As eight-time national champions, Tennessee in still the standard in the conference. The Lady Vols have never missed an NCAA Tournament in its 43-year history. Legendary coach Pat Summitt took the program to 16 SEC championships and 18 Final Fours and earned eight SEC Coach of the Year awards in her 31 years at the program’s helm.

Staley, now owner of eight SEC championships, five Final Fours and seven SEC Coach of the Year awards in roughly half the time, is slowly catching up.

Staley has elevated the Gamecocks to a new level since taking over in 2008. South Carolina was a substandard program in the SEC, winning 10 games in conference play only once between joining the SEC in 1990 and Staley’s arrival.

After two seasons under .500, Staley began to turn the program around. The Gamecocks reached the NCAA Tournament in 2011 and haven’t missed since. They’re 434-106 under Staley, and she’s continually raised the program’s standards – even to levels this season’s team had to work to achieve.

“As coaches, you get to a point where you’re not going to allow them to lower the standard of our program,” Staley said. “It was low in June. It wasn’t where I wanted it to be, but it couldn’t because they weren’t capable of holding up the standard. Their standards weren’t that high where they come from.”

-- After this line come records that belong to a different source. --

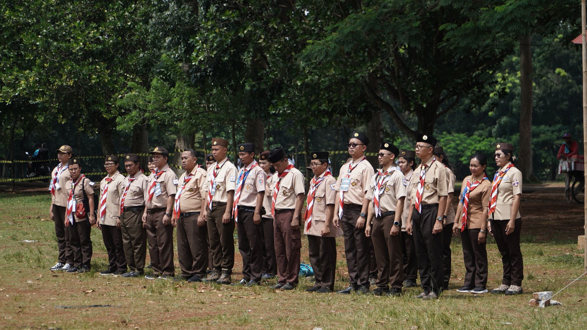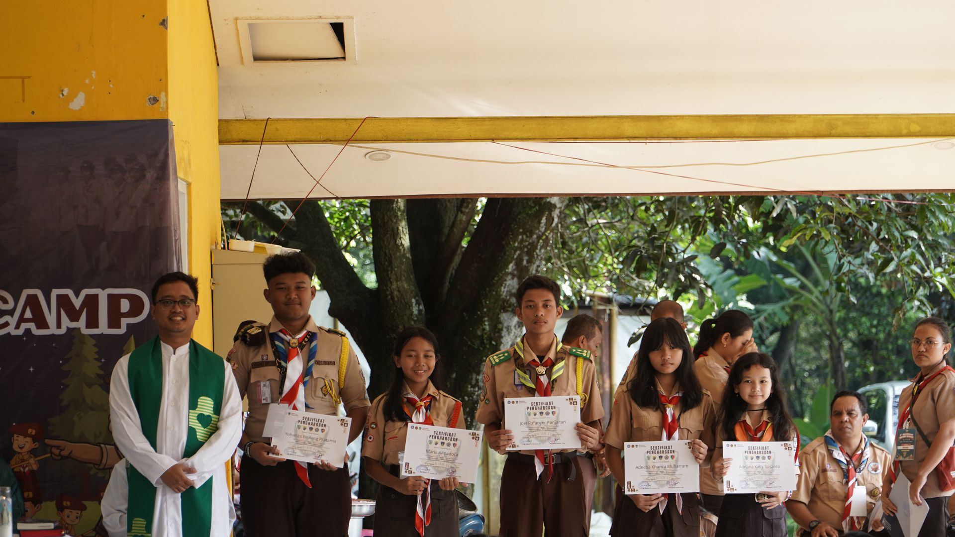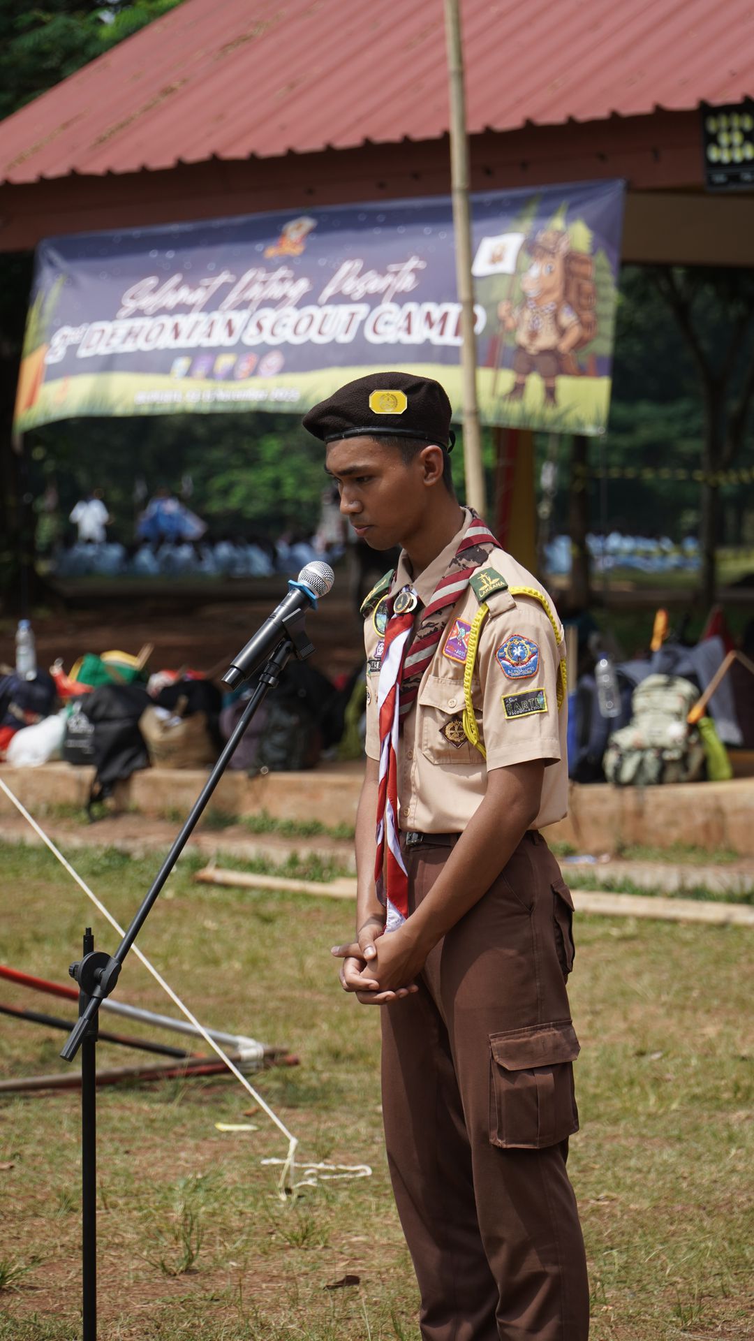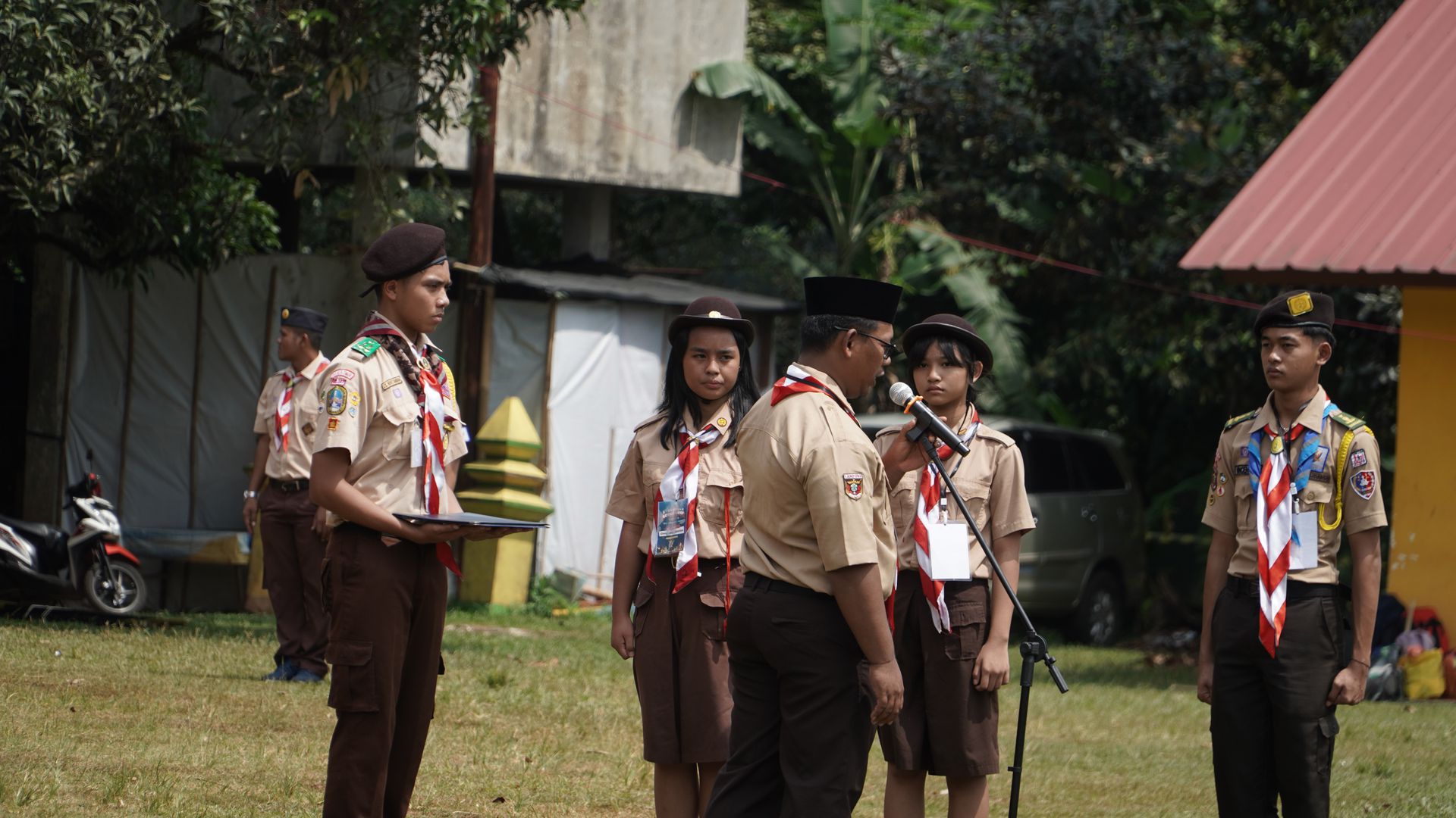 Usai sarapan, peserta dikumpulkan di halaman untuk mengikuti upacara pembukaan di lapangan SMP–SMA Santo Antonius sebelum berangkat menuju Buperta Cibubur. Upacara dipimpin oleh Bruder Tri Antara SCJ selaku ketua pembina, yang menegaskan kembali pentingnya nilai compassion sebagai semangat utama kegiatan hari itu.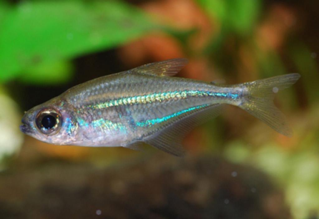 Тело удлиненное с крупной головой и большими глазами. Самцы мельче и стройнее самок (у самок более высокое тело). Окраска: общий фон неоновый со светящейся полосой на боках. Спинной и хвостовой плавники зеленовато-желтые. Вырастает до 4,1 см SL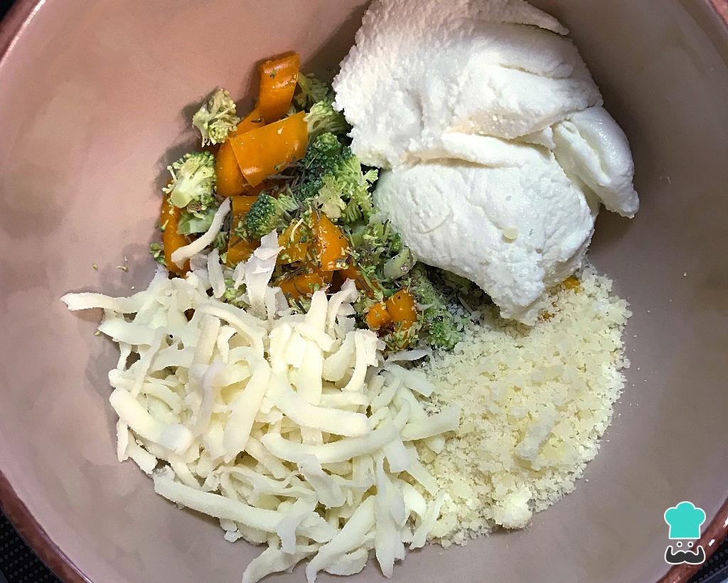 Misture agora os ingredientes do recheio (a ricota, o parmesão, a mossarela ralada, o brócolis, o pimentão, o sal e a pimenta).
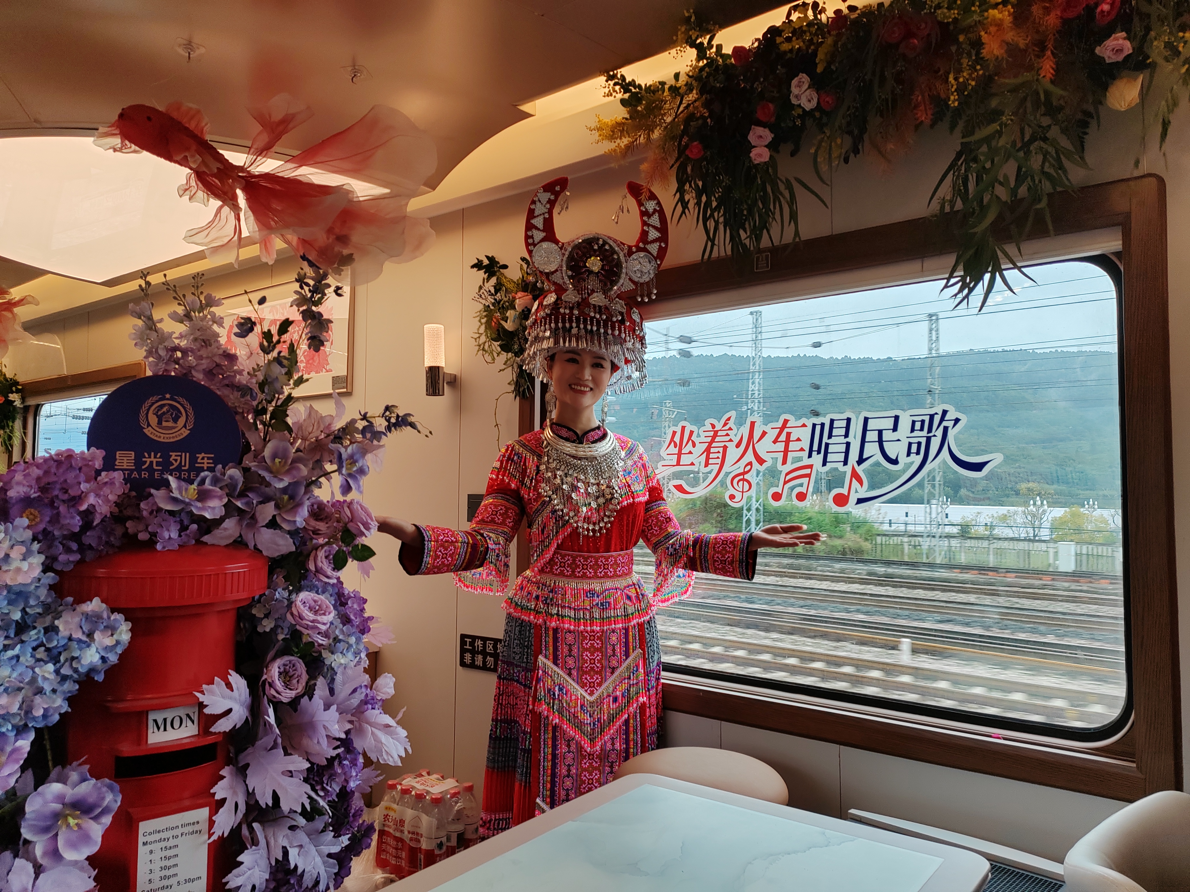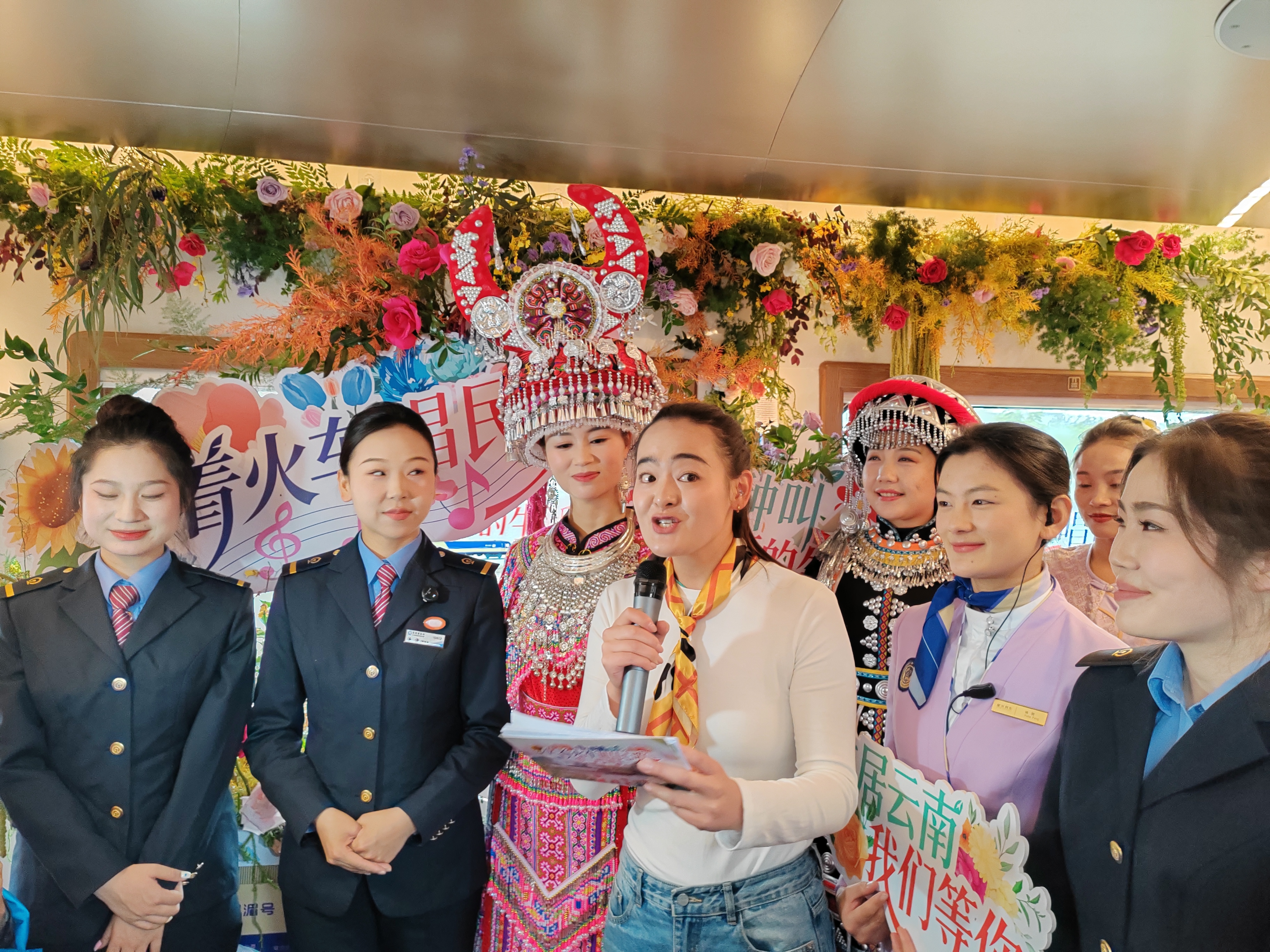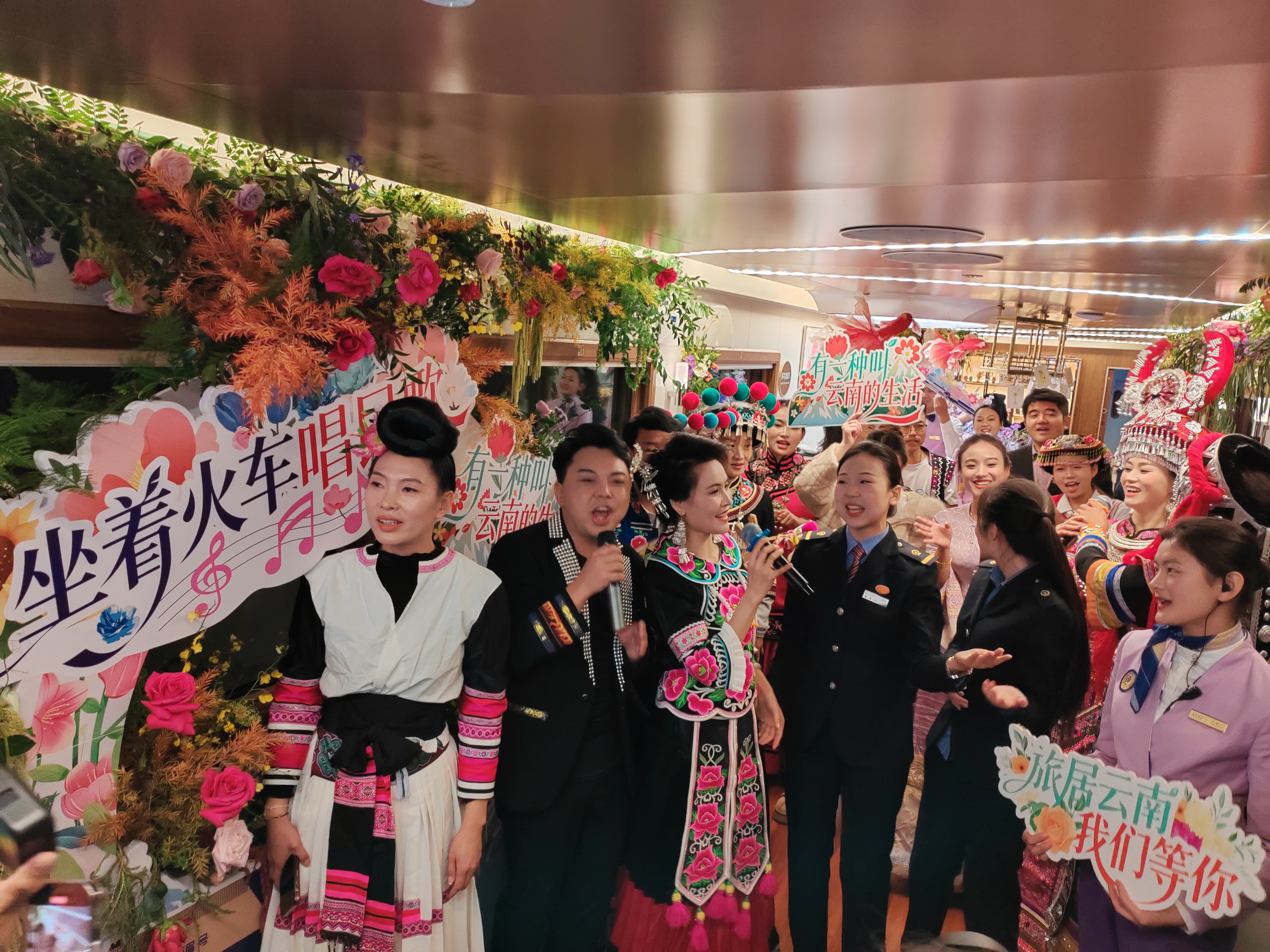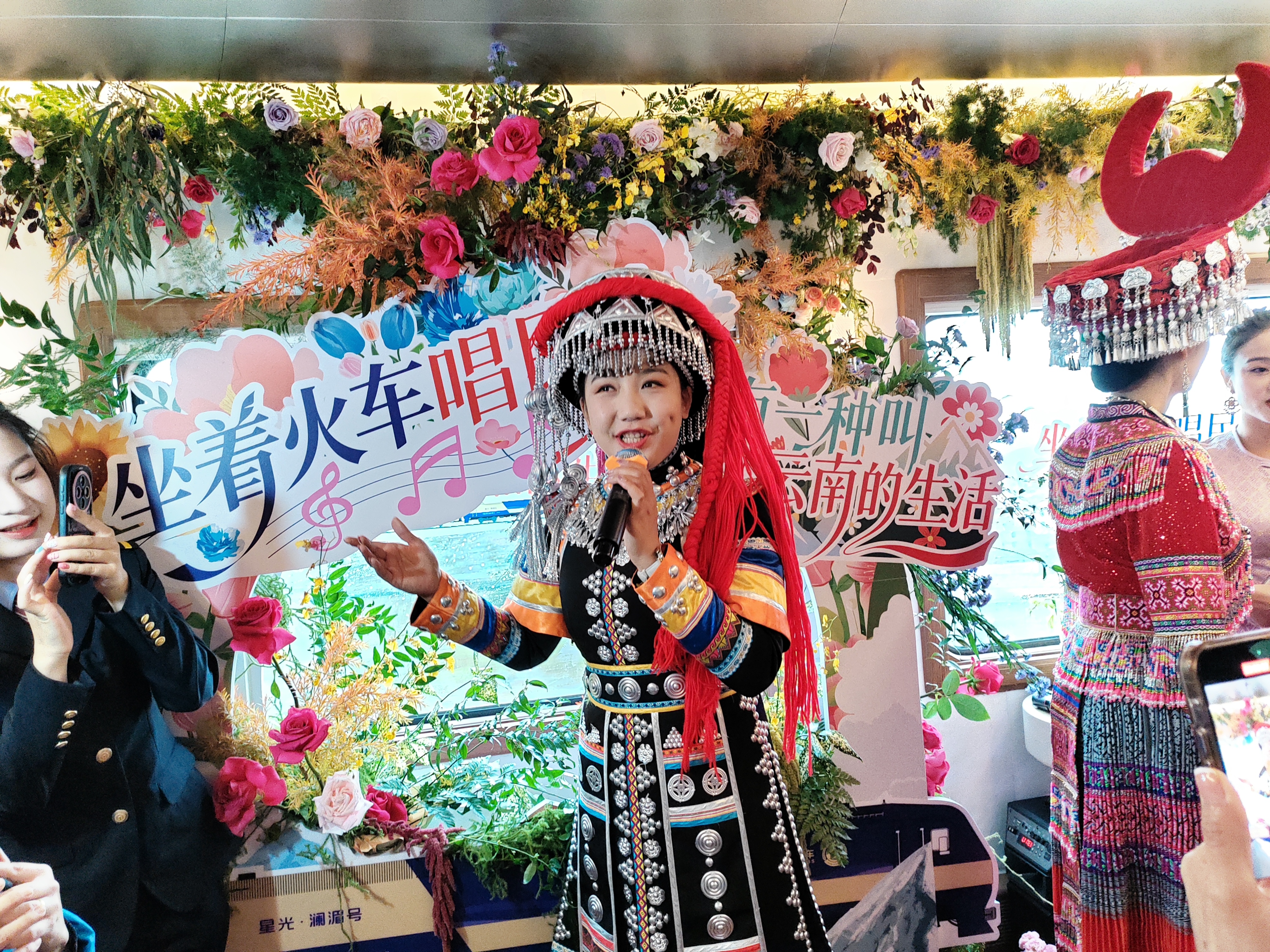国铁昆明局经营开发部相关负责人介绍,此次在列车上开展“坐着火车唱民歌”文旅主题推广,是深化“铁路+文旅+民歌”融合发展的新尝试,我们对车厢进行了云南民族特色元素妆点,意在通过场景塑造和内容创新,丰富旅客乘车体验,提升云南民族文化内涵和影响力,推动“云南民歌大家唱”,助力文旅市场“一路生花”。

Staley is not as close to catching UConn coach Geno Auriemma, who has guided the Huskies to 11 national titles and 22 Final Fours in 39 years.

UConn has been one of the top programs decades, but its grip is beginning to loosen. The Huskies represent what is perhaps women’s basketball’s last true dynasty as the sport grows deeper.

Women’s college basketball has as much parity as ever before. No. 1 seeds Stanford and Indiana fell in the Round of 32 in the 2023 NCAA Tournament, marking the first time since 1998 two No. 1 seeds failed to make the Sweet 16.

Since UConn capped off its four-peat from 2013-16, only one program – South Carolina – has won multiple titles. The Gamecocks have also won five of the last six against the Huskies, including the 2022 national championship.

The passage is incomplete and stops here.